Editor's Note: This article was published originally by the Ecosystem Marketplace and is reprinted with permission.
The Copenhagen Accord may have disappointed many of us, but it also yielded agreement on the need to develop financing mechanisms for reducing greenhouse gas emissions from deforestation and forest degradation (REDD). For REDD to work, however, investors will have to be on board – and for that to happen, the forestry markets will have to become more transparent and trustworthy.
To promote that transparency and trustworthiness, Ecosystem Marketplace spent the past year speaking with more than 100 market participants -- 65 of whom develop forest protection and restoration projects, primarily in rainforest nations, and 37 of whom act as intermediaries. These participants accounted for 230 projects generating credits across 40 countries over the past 20 years.
The result is "State of the Forest Carbon Markets 2009: Taking Root & Branching Out" (pdf), which has been released with support from the World Bank BioCarbon Fund, Biological Capital, Ecosystem Restoration Associates and Baker McKenzie, as well as funding from the United States Agency for International Development (USAID), the David and Lucile Packard Foundation, the Norwegian Agency for Development Cooperation, the United Kingdom’s Department for International Development and the Surdna Foundation.
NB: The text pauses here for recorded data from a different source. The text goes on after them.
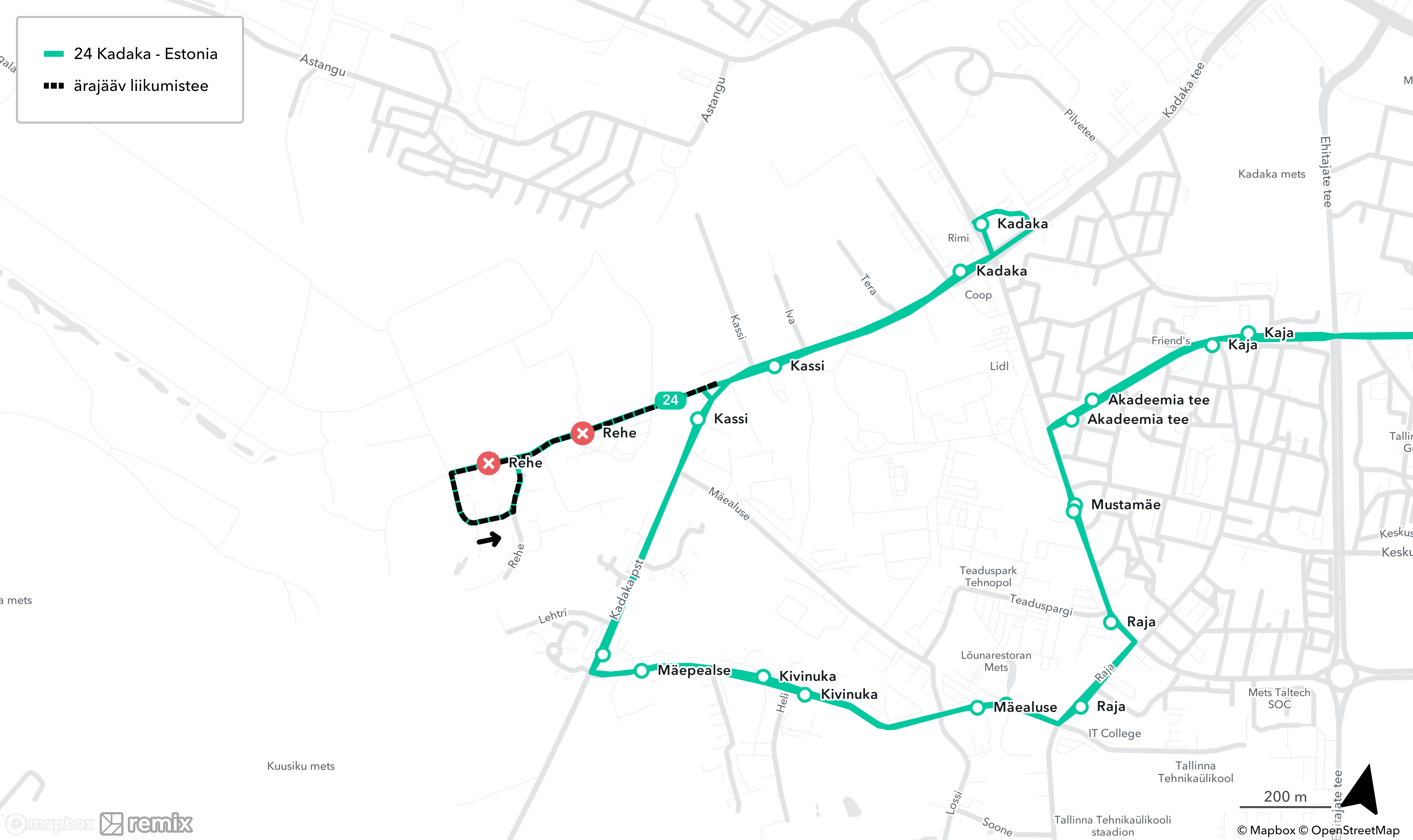 ❌ ära jääb mõlemal suunal Rehe peatus
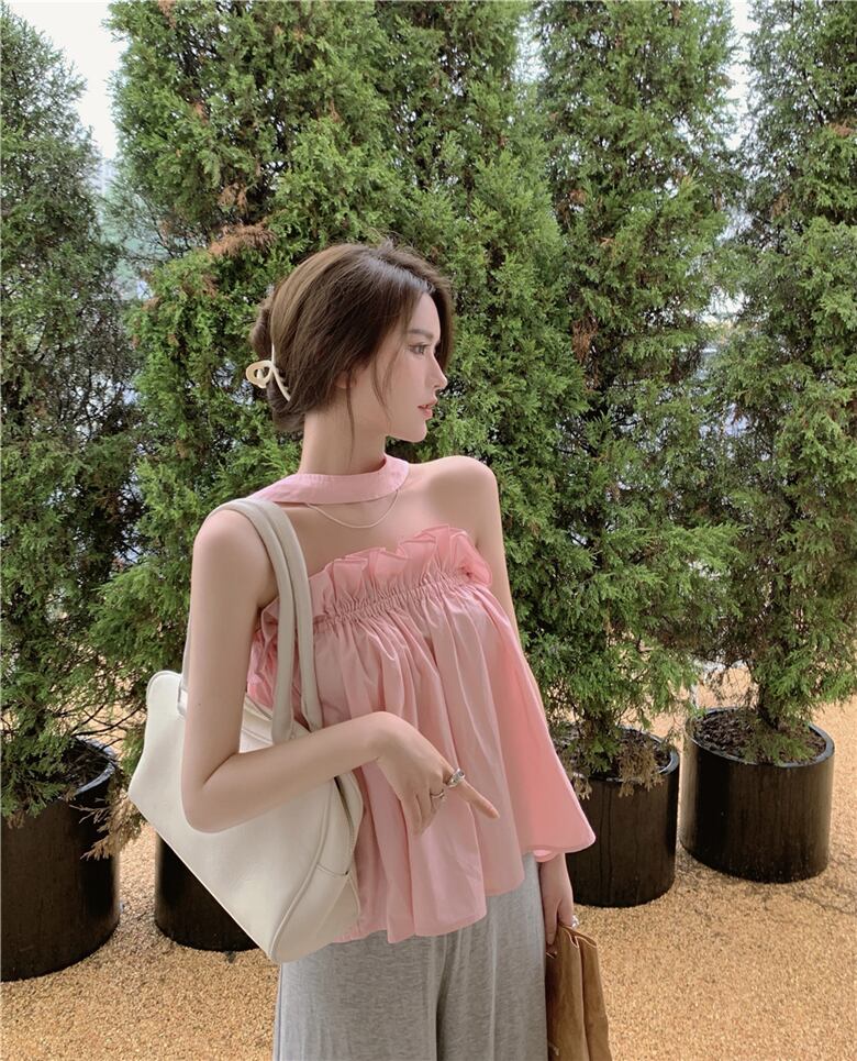 ホルターレディースサマーレッドバックショートトップス ピンク 夏物 フラワークラフター8467514764
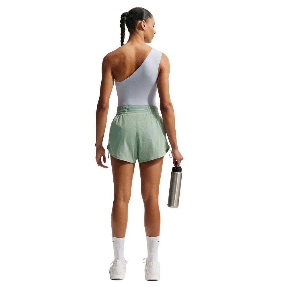 Nike One Shorts Sportivi Verde donna vita alta Dri-FIT 5 pollici in nylon con tasca mesh in vita bungee laterali e slip interno
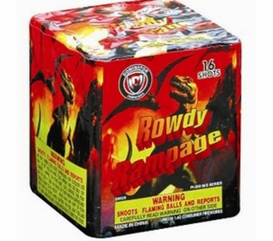 Rowdy Rampage, a compact yet powerful 200-gram cake by Dominator Fireworks, measuring approximately 4″W x 4″L x 4″H. This little dynamo packs 16 shots of chrysanthemums to crackle and color. With a duration of about 24 seconds, Rowdy Rampage is a perfect addition to any celebration, small or large.
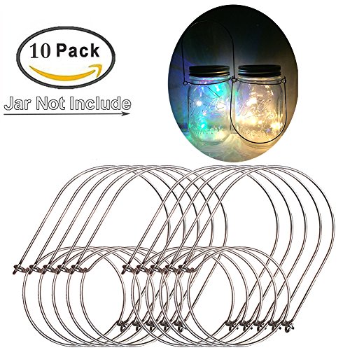 The hangers made of stainless steel wire,Never Rusty for Outdoor Using,Better Properties of Elastic Recovery, and Longer Using-Life. handle-easy designed(the handle can be disconnected to put it around a branch), very easy to using by your hand without any tools, lovely to hang the canning jars to anywhere you want, like as kitchen, Outdoor trees,yard,flowers,ropes,Christmas trees, Best for DIY Mason jar Decor, Mason Jar Lights,Use a Hanging Jar to Hold Flowers, Candles, Solar lights, Lanterns,Gifts, Plants,...
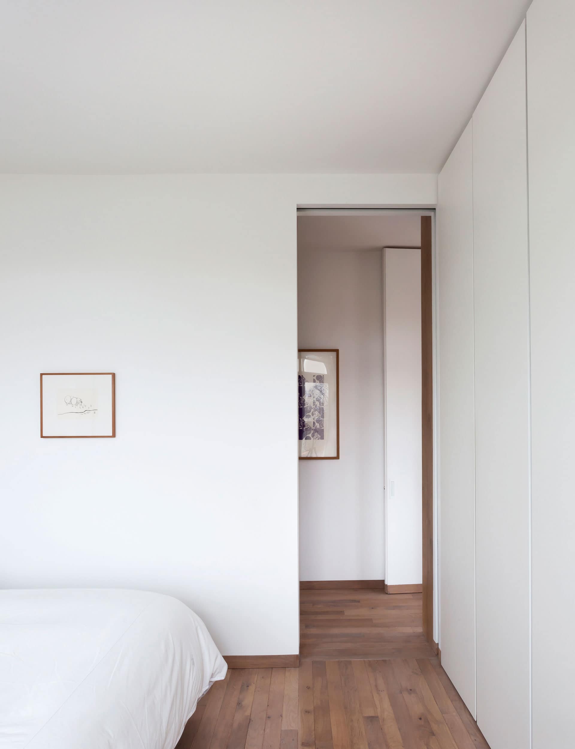 The scale and tricky layout of the space were actually why Alan and Pala drafted Reid in for help. The edifice, originally built as a pub, had lain unused after World War II before being turned into flats in the 1980s. The couple’s apartment was largely open plan with all rooms enjoying the view, but it didn’t work for a young family. The bedrooms were positioned off the main living area, so Alan and Pala had to tiptoe around after their daughter had gone to bed. “We had a flat that was 140 square metres and we were really only using 55 square metres of it. It felt like we were always on a corridor to somewhere,” says Southan. The bathroom was off the glazed entrance lobby, which felt exposed to the street. “We never really settled – and then Giles came along.”

Rapid Growth and Recent Change
Respondents documented the impact of carbon finance on more than two million hectares of forests over the past 20 years. That impact has resulted in the capture of nearly 70 million tonnes of carbon (MtCO2) in trees -- although the bulk of this can be attributed to one massive project in the early 1990s that captured 47 MtCO2.
The findings also indicate substantial shifts in growth patterns over the past three years, during which these markets have matured substantially.
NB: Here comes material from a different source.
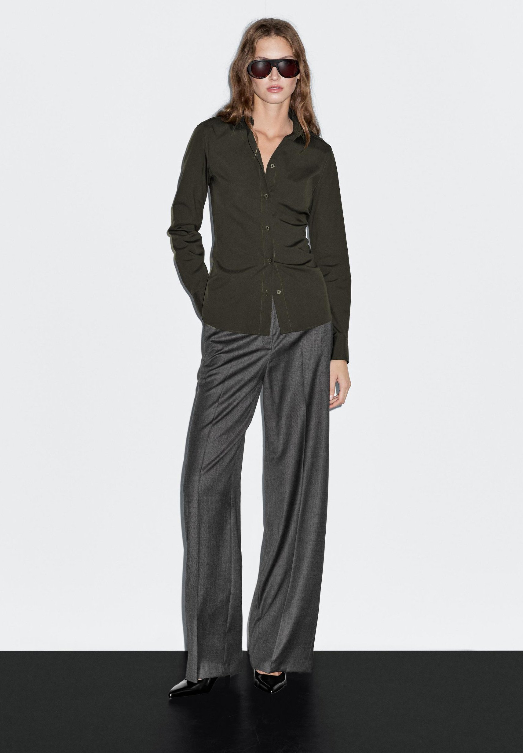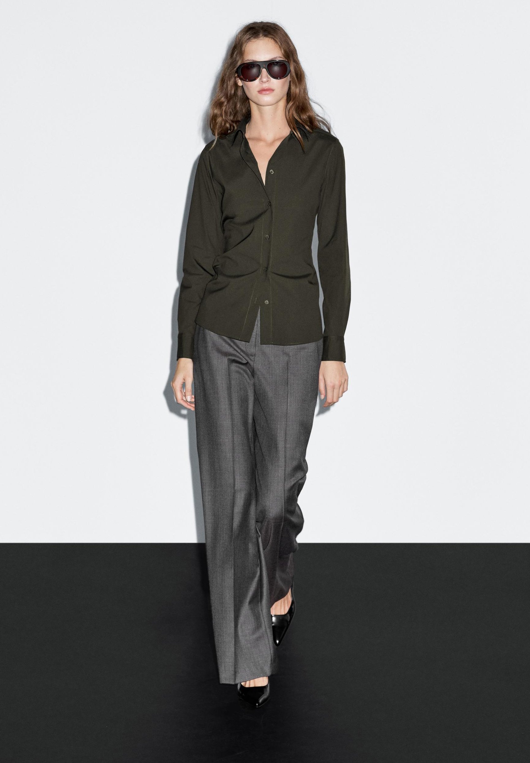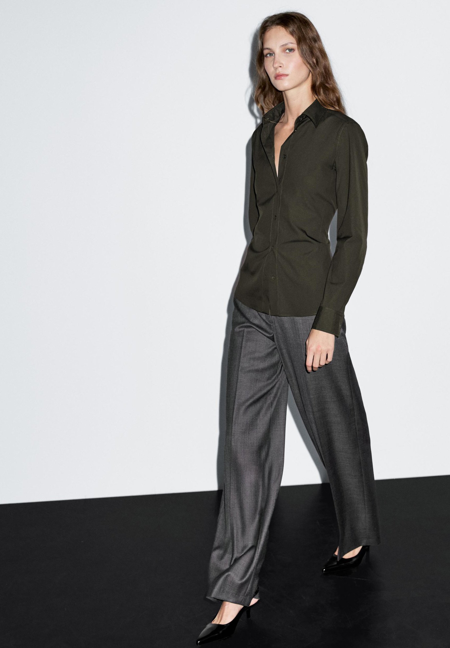 STRETCH – Button-down blouse – dark green

From 2007 through the first half of 2009 alone, forest carbon markets have funneled roughly $100 million into forestry conservation projects around the world, transacting 20.8 million MtCO2 in the process. In dollar terms, this period represents 67 percent of the market value of all forest carbon offsets, due to higher volumes and prices associated with emerging interest in the voluntary carbon markets overall, along with maturing standards and infrastructure.